Reading Time: 23 minutes

Distributed tracing has the potential to shift the paradigm within monitoring and observability. So why does it continue to lack mainstream adoption? 

Despite holding the number two spot in the Cloud Native Computing Foundation’s portfolio  –  right behind Kubernetes, a technology that’s barreling towards omnipresence across the IT industry – businesses attempting to integrate distributed tracing into their core observability strategy are few and far between.

This wasn’t always the case. When the project gained traction circa 2017, there was an enormous amount of buzz . So what happened?

In short, distributed tracing is a technology with certain barriers to entry ,  and these barriers make adoption prohibitive for complex micro-architectures. This reality somewhat derailed the project’s transition from hyped concept to mainstream adoption. 

The tide is once again turning, though, thanks in large part to a broader paradigm shift affecting the global technology industry :  the advent of AI. Every aspect of IT is being revolutionized and monitoring is no exception. 

Before getting into exactly how AI is poised to impact the realm of observability, we’d like to set the foundations for this topic by defining what distributed tracing actually is, why it’s important, and what problem it intends to solve.

What is distributed tracing?

Distributed tracing is best illustrated via a plumbing analogy. 

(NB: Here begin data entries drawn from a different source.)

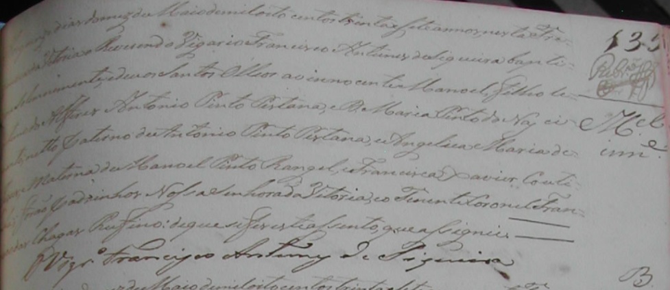 Testemunhas: Manoel Pinto Ribeiro dos Passos , Manoel Antonio ? de Santa Anna e Francisca Pinto de Jesus
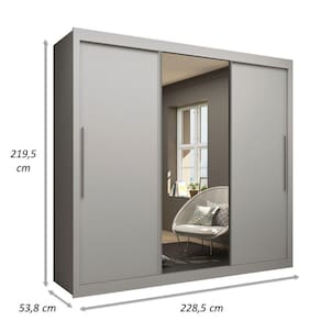 ROUPEIRO ROYALE 3P COM PORTA DE ESPELHOO Roupeiro Royale se destaca pela praticidade das três portas de correr, que contribuem para a otimização de espaço, contando com um amplo espaço interno, onde sua estrutura é formada por quatro gavetas, 4 prateleiras e espaço para vestidos e calças. O roupeiro Royale conta também com porta central de espelho trazendo mais sofisticação ao produto. O roupeiro Royale agrada pelo seu design compacto e arrojado.Características3 Tubos Cabideiros4 gavetas internas com corrediças telescópicas;Amplo espaço interno;Interno na cor nature;Kit pés opcionais;Porta de EspelhoPrateleira organizadora;Profundidade de 53cm;Puxador central em MDF;Puxadores laterais em alumínio;Estrutura em MDP;Não acompanha pés; MedidasAltura: 2195mmLargura: 2285mmComprimento: 538mmPeso: 145Kg-A tonalidade cor da peça ou tecido do produto pode variar, não acompanha acessórios de decoração, fotos e imagens ilustrativas.-Móveis entregues desmontados, em local de fácil acesso no térreo. Na caixa. A responsabilidade pela montagem e instalação do produto é exclusivamente do comprador.-Recomendações para uma boa conservação: evitar a exposição direta à luz solar e à umidade para limpeza, limpar com pano macio e seco, não utilizar qualquer outro tipo de produto.
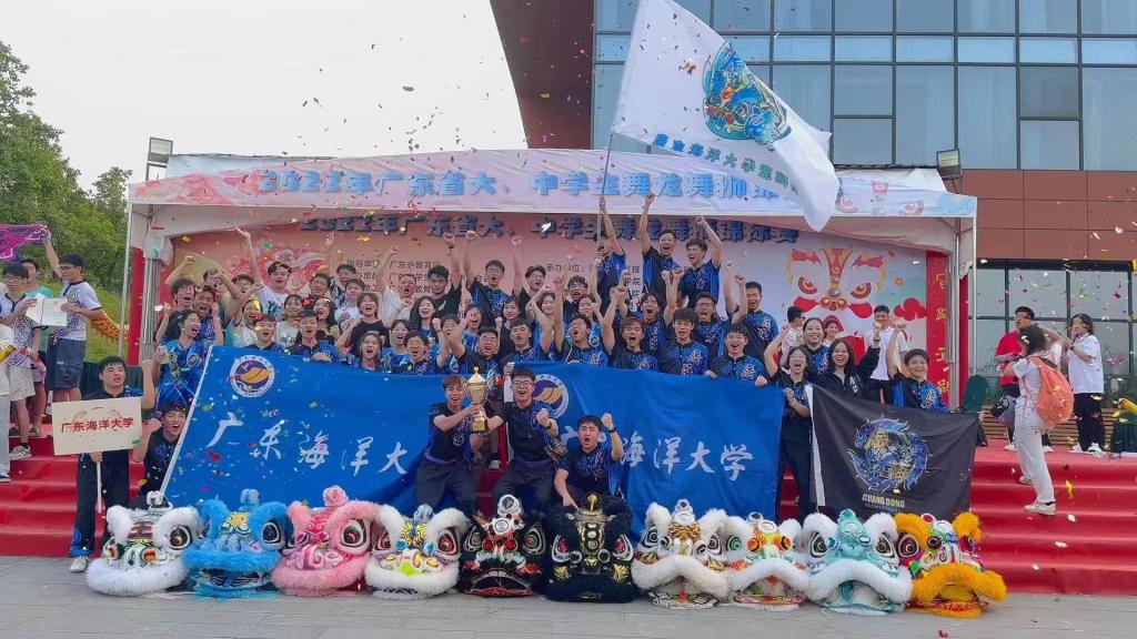 5月19日,2022年广东省大、中学生舞龙舞狮锦标赛在广州市黄埔区长洲岛海宇龙狮龙舟文化传习基地开幕。我校龙狮队成员在本次比赛中展现了卓越的实力和顽强拼搏的体育精神,取得了甲组男子群狮第一名,甲组传统女子单狮第一名,甲组女子群狮第二名,甲组传统男子单狮第四名,甲组女子舞龙第三名,甲组男子舞龙第五名,乙组传统男子单狮第四名的佳绩。以总分56分登顶积分榜榜首,取得了广东省大学生舞龙舞狮锦标赛甲组团体总分第一名的辉煌成绩,夺得甲组团体冠军。
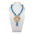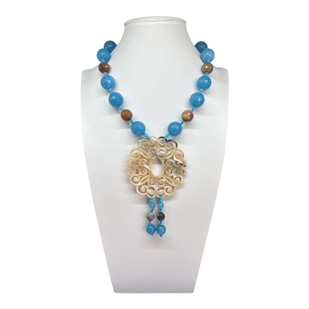 -Quarzo azzurro a sfera sfaccettata da 16mm, mokaite brown sfaccettata e maxi centrale in corno naturale traforato ad archetto, doppio pendente agganciato al centrale in quarzo azzurro e mokaite, punti luce in tono.
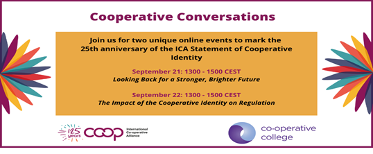 On September 21 and 22 2020, ICA in partnership with the Co-operative College UK held a discussion series, titled ‘Cooperative Conversations’ to celebrate the 25th anniversary of the ICA Statement on Cooperative Identity (ISCI). The Cooperative Conversations were held with the stalwarts of the global cooperative movement who have a rich background in academia, law, policy, and practice. Some of them have had a direct role in defining the statement on the cooperative identity, its cooperative and ethical values, and its seven cooperative principles. Young cooperative leaders from the Americas, Africa, and Europe were also invited to the discussion.

Think of your technology stack as a pipe network, with the ingress of data representing water as it flows around the system. Now imagine your e-commerce system stops working, the equivalent of a pipe rupturing. The metrics swing red and errors pour out of the logs. 

Distributed tracing is like adding dye to the water; it allows you to understand how data flows across the system in a holistic sense. This gives you a better understanding of the network as a whole , including  where the bottlenecks are forming and how they can cascade into a system rupture.

In reality, distributed tracing is the practice of appending a tracker to the header of every request that moves across your application network. This header is proliferated from app to app; it’s maintained as metadata at every stop and for the request as a whole . T his is what we refer to as a distributed trace.

Why is distributed tracing important?

The paradigm shift distributed tracing represents begins to manifest when you accept this: Using a request as the unit of measure when evaluating network health is inherently more valuable than relying on events. 

Event evaluation is driven by metrics and logs, and these are subjective tools; get five executives in a room and ask them what the metrics say, and they’ll give you five different answers  –  all of which coincidentally shift the blame away from their department. Logs can be subjective too as they’re written by individual developers and their root meaning can be just as hotly debated among engineers.

More often than not, they’re also disjointedly tied to a subset of applications; this makes it hard to see the forest for the trees when you’re plotting strategic decisions to try and improve your application architecture. 

By indexing around a request instead, you get much closer to the actual end user experience   with an interconnected view of how a request interacts and progresses through your entire network of applications. 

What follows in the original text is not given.